## [Problem statement]
The reply should hold every line of the listing exactly, and none of its images.

## [Dataset section]
....................
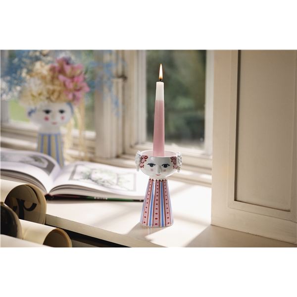 Utveckla din färgstarka personlighet och låt kreativiteten lysa med Bjørn Wiinblads Eva. Med sitt glada leende, rosiga kinder och färgglada dekorationer fångar Eva på alla sätt essensen av Bjørn Wiinblad som person och konstnär – även när hon tar formen av en ljusstake. Glad och drömmande skapar hon liv och personlighet i inredningen med sitt poetiska uttryck och sina sprudlande färger. Den här Eva-ljusstaken är 14 cm hög i dämpat rött med rosa, röda och blå nyanser. När ett tänt ljus placeras i ljusstaken lyser den upp ännu mer och gör vardagen lite mer färgstark. Ljusstaken är tillverkad av blankglaserad keramik med färgad dekal och är inspirerade av Bjørn Wiinblads ursprungliga Eva-figurer som hade breda huvuden med blomsterdekorationer och en konformad kropp. Ansiktet med de mandelformade ögonen och den spetsiga näsan är från Wiinblads ursprungliga hand och de färgglada klänningsmönstren är en nytolkning av Bjørn Wiinblads illustrationer från arkiven.
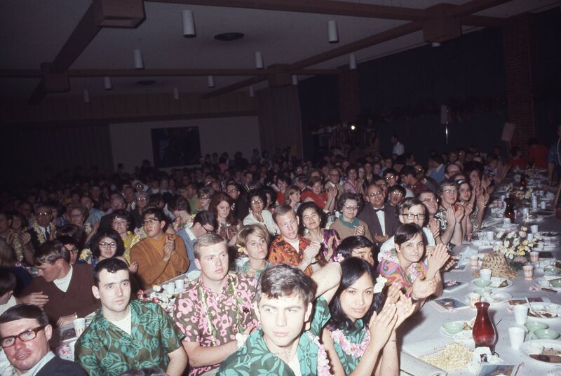 A wide view of the audience in attendance at Pacific University's annual Lu'au in 1968. Many of those present were students; others include the families of the Lu'au performers, university staff and local community members. Much of the audience is dressed for the occasion in colorful aloha shirts, muumuus, and leis. The remains of the kalua pig dinner that was served at each Lu'au are on the tables. This photograph was taken in Washburne Hall. The image is somewhat overexposed by the flash from the camera.
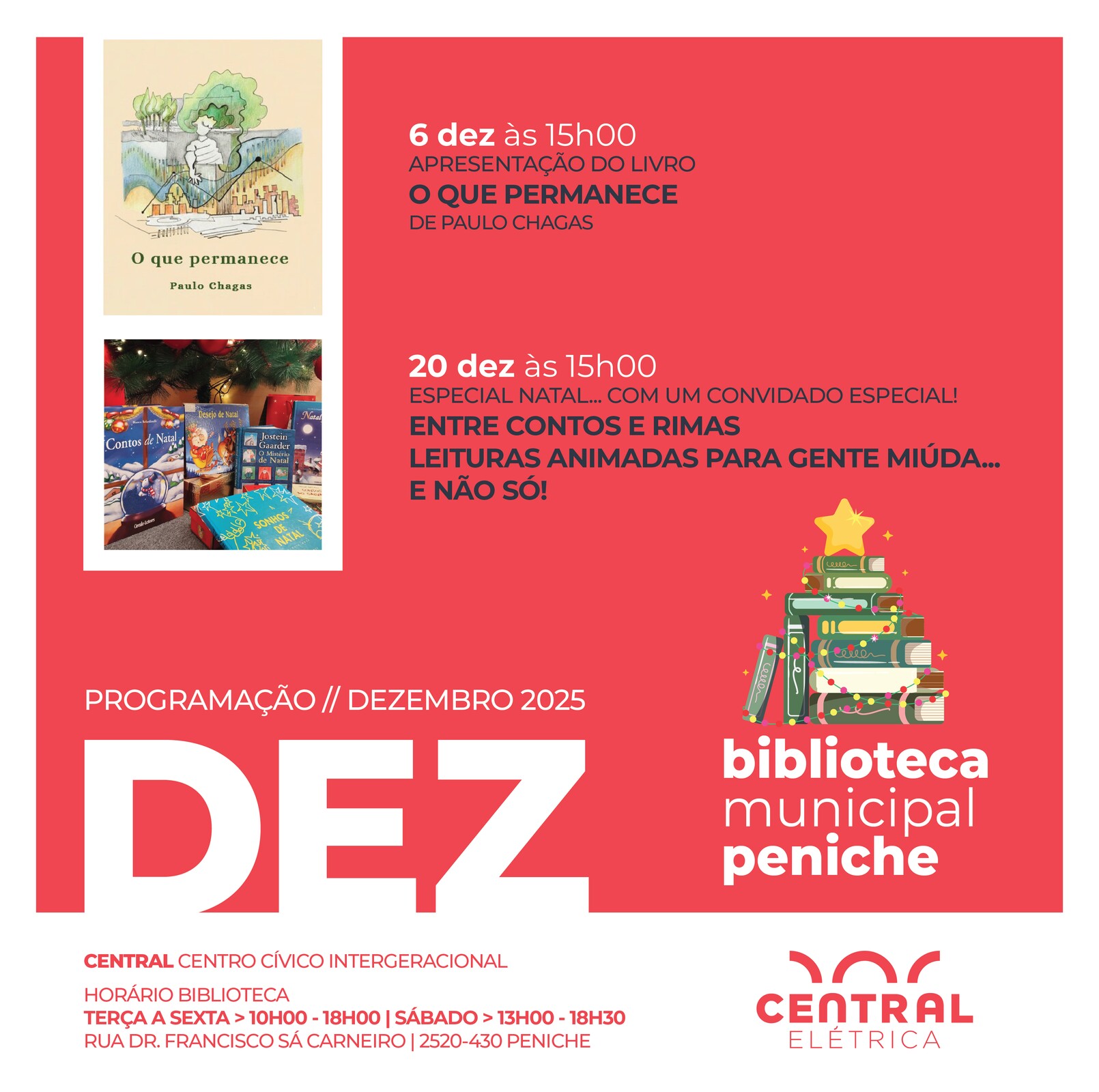 Adicionar a calendário2025-12-06 15:00:002025-12-20 17:00:00Europe/LisbonBiblioteca Municipal | Programação DEZEMBRO 2025Biblioteca Municipal | Central Elétrica - Centro Cívico Intergeracional Professor Rogério Cação
....................
## [Answer space]
 Utveckla din färgstarka personlighet och låt kreativiteten lysa med Bjørn Wiinblads Eva. Med sitt glada leende, rosiga kinder och färgglada dekorationer fångar Eva på alla sätt essensen av Bjørn Wiinblad som person och konstnär – även när hon tar formen av en ljusstake. Glad och drömmande skapar hon liv och personlighet i inredningen med sitt poetiska uttryck och sina sprudlande färger. Den här Eva-ljusstaken är 14 cm hög i dämpat rött med rosa, röda och blå nyanser. När ett tänt ljus placeras i ljusstaken lyser den upp ännu mer och gör vardagen lite mer färgstark. Ljusstaken är tillverkad av blankglaserad keramik med färgad dekal och är inspirerade av Bjørn Wiinblads ursprungliga Eva-figurer som hade breda huvuden med blomsterdekorationer och en konformad kropp. Ansiktet med de mandelformade ögonen och den spetsiga näsan är från Wiinblads ursprungliga hand och de färgglada klänningsmönstren är en nytolkning av Bjørn Wiinblads illustrationer från arkiven.
 A wide view of the audience in attendance at Pacific University's annual Lu'au in 1968. Many of those present were students; others include the families of the Lu'au performers, university staff and local community members. Much of the audience is dressed for the occasion in colorful aloha shirts, muumuus, and leis. The remains of the kalua pig dinner that was served at each Lu'au are on the tables. This photograph was taken in Washburne Hall. The image is somewhat overexposed by the flash from the camera.
 Adicionar a calendário2025-12-06 15:00:002025-12-20 17:00:00Europe/LisbonBiblioteca Municipal | Programação DEZEMBRO 2025Biblioteca Municipal | Central Elétrica - Centro Cívico Intergeracional Professor Rogério Cação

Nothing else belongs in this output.